Having an au pair can be an incredibly rewarding experience, but it's crucial you have someone who has experience with the age of your child. Hosting someone who is an adult yet still quite young, you often must act as a parent, as their own parents are trusting you to care for them and watch out for their wellbeing in a new country. Some families think it can be like having a teenager in the city, especially if the au pair is from a rural environment in their home country come to a city, or vise versa. Also, sharing your space may feel invasive if you don't have much to spare (i.e. City apartment life), or aren't accustomed to having guests around. An au pair may feel like a babysitter, because that is often what they are. If you are wanting someone to help guide you in your parenting, or help you with behavioral or developmental issues your child is facing, most au pairs just won't have this skill set because they have not had the training or experience like many nannies or teachers in a center would have. Also bear in mind that an au pair will have a different cultural upbringing, and so it is important to discuss developmental theories and your personal behavioral approaches before hiring (potty training, time-outs, eating times and nutrition).
Daycare or Childcare Center
This option has many great pros. First, your child will have many opportunities for socialization.
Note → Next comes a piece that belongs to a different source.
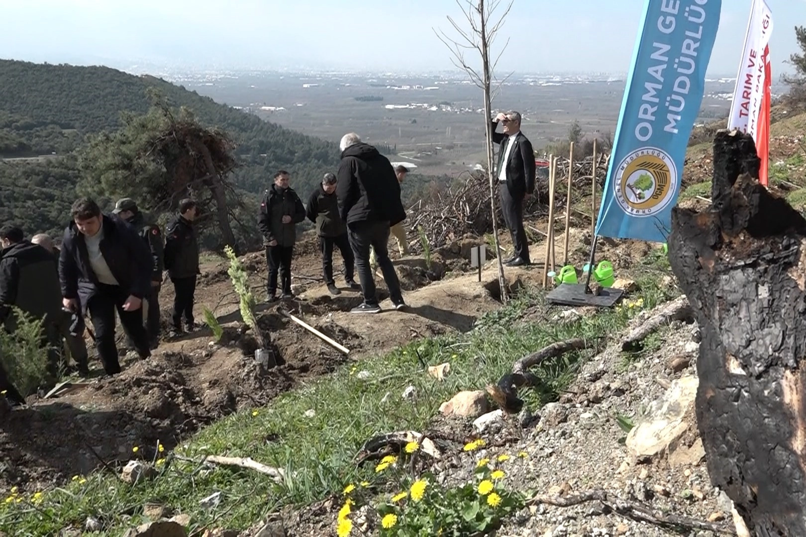 Biz Orman Genel Müdürlüğü ve Bursa Orman Bölge Müdürlüğü olarak yanan alanlarda kısa sürede hasar tespiti çalışmaları ve rehabilitasyon çalışmalarına başladık. Bin 434 hektar sahada tabiî gençleştirme çalışması, 2 bin 390 hektar sahada suni gençleştirme çalışması ve bin 481 hektar sahada da ağaçlandırma çalışmaları yaptık. Ayrıca 149 hektar taşlık kayalık alanlarda da rehabilitasyon çalışması yaptık. Bunları yaparken 17 kilometre yeni yangın müdahale zonları oluşturduk. 100 kilometre yeni yol yaptık. 2 bin 941 kilometrede teras tesis ettik. Bu 2 bin 941 kilometre yeni tesis etmiş olduğumuz teraslara ise 2 milyon 267 bin adet fidan diktik. Ayrıca, tohumun yeterli olmadığı, az olduğu yerlerde de 25 ton tohum attık. Bugün itibariyle Bursa ilinde yanan alanlarımızdaki yeniden rehabilitasyonu, fidan dikilmesi, tohum atılması çalışmalarını yüzde 99 oranında bitirdik. Bugün son fidanlarımızı siz değerli basın mensuplarıyla beraber dikiyoruz."

They will learn to share, to listen, and will have a jam-packed day, everyday, along with their naps and meals in the company of many other children and adults, and they also learn to get onto a set, reliable schedule. It takes a village to raise a child, and many parents who have their children in a whole group setting love the community aspect. It is also the semi-affordable option only if you're looking for care 40 hours a week or more (though many centers cost as much as a nanny, but have the structured extracurricular activities built in). The state mandates ratios so your child would never be left in an environment where a caregiver is overwhelmed with many children. Each center is different and has their own policies, but all child care centers must pass the same city safety inspections. But there are some downsides.
The most obvious concern is that your child may be sick, often. Even a properly sanitized environment will still have some germ sharing, and this may be a positive or a negative depending on how you look at it - they are building their lifelong immunities, but the frequency of illness may be higher than in private care, and if they are sick, they can't come for the day, which puts working parents in a hardship if they do not have access to last minute backup care. The other concern would be the amount of individual attention given to your child. This would certainly be less than a nanny or au pair. Of course, their basic needs like diapering and feeding will certainly be met, but the room teachers will be balancing all of the children and engaging with many at once. The variety of experiences they will have in the day will also be very structured and the majority of time will be spent at the site of care, instead of on field trips or outings as with a nanny or an au pair.
Whichever route you choose for your child, make sure it is an environment where they are happy, safe, and engaged with the world around them. Hopefully with this guide, you will have a clearer picture and are able to make the most informed personal decision for your family.